5. Lumbar Spine (Hips & Lower Back)

The knee to chest movement is a great stretch for the lumbar spine region. First, lay on your back, keeping a straight spine and neutral head. Then, raise the knee on your right leg to your chest. Only use your arms to add extra tension. Do not pull too tightly against your knee. For a deeper stretch, circle your leg slightly in this position. Repeat this on the other side.

6. Butterfly Stretch

Sit down on the ground with your legs in front of you. Bring your right leg towards your groin bending until it is at a comfortable position, and the sole of the foot is facing your left thigh. Pull your left leg in a similar manner, so that the soles of your feet are touching.

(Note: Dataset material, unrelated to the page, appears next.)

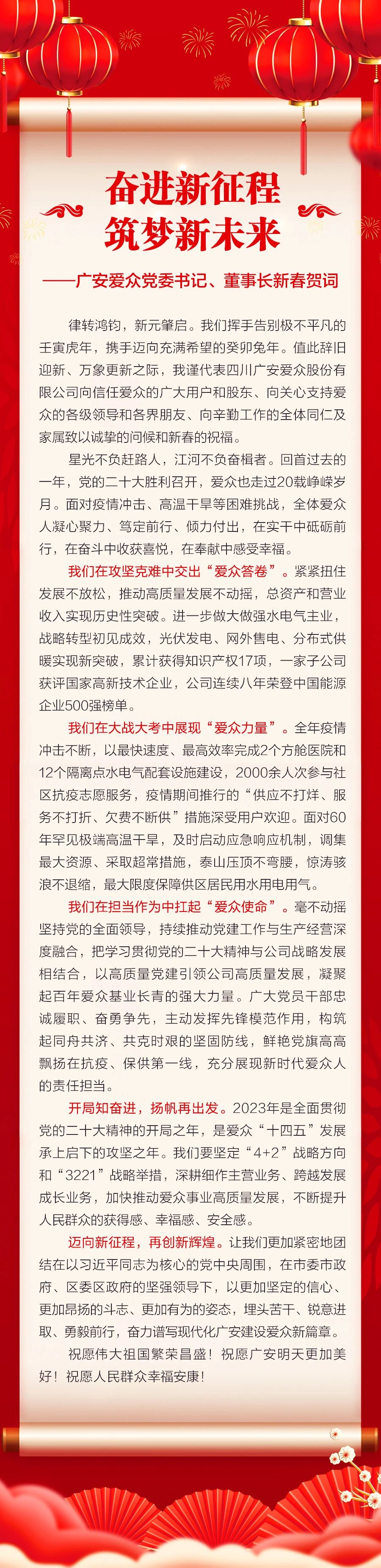 广安yl23411永利集团2023年新春贺词:奋进新征程,筑梦新未来!

Hold this position for 15 seconds. Then, apply very light pressure with your hands to the top of your knees for a deeper stretch.

7. Hurdle stretch

To do the hurdle stretch, sit on the ground with one leg extended in front of you and the other bend behind you. This position should resemble the mid-air post taken when hurdling. Keep the hips square and spine straight. Then, lean forward. This stretch is particularly helpful for opening up the hips.

8. Pigeon Pose

The pigeon pose is an incredible stretch for opening up the hips, glutes, and tendons in the posterior chain. To do the pigeon pose safely, it is important to keep your hips square, back neutral, and all parts of your body in a straight line. To do the stretch, first, get into a lunge position. Then, move the leg in front of the floor. Once the knee of that leg is on the ground bend it towards you, and lean forward. For a deeper stretch, you can try to make the shin portion of the leg in front to be parallel to your hips. Note that this modification is a rather advanced one.

9. Cossack Squat

Start standing in a straddle position, keeping your feet roughly a meter apart. Slowly lower to one side. As you lower, try to keep your back relatively in line with your back. You do not want to stick your but out. Slowly lower your butt towards your right ankle, focus on your balance, and move slowly. Once your butt is as close to the right ankle as feels comfortable, hold this position for about 10 seconds. Shift your weight to rise again, and repeat on the left side.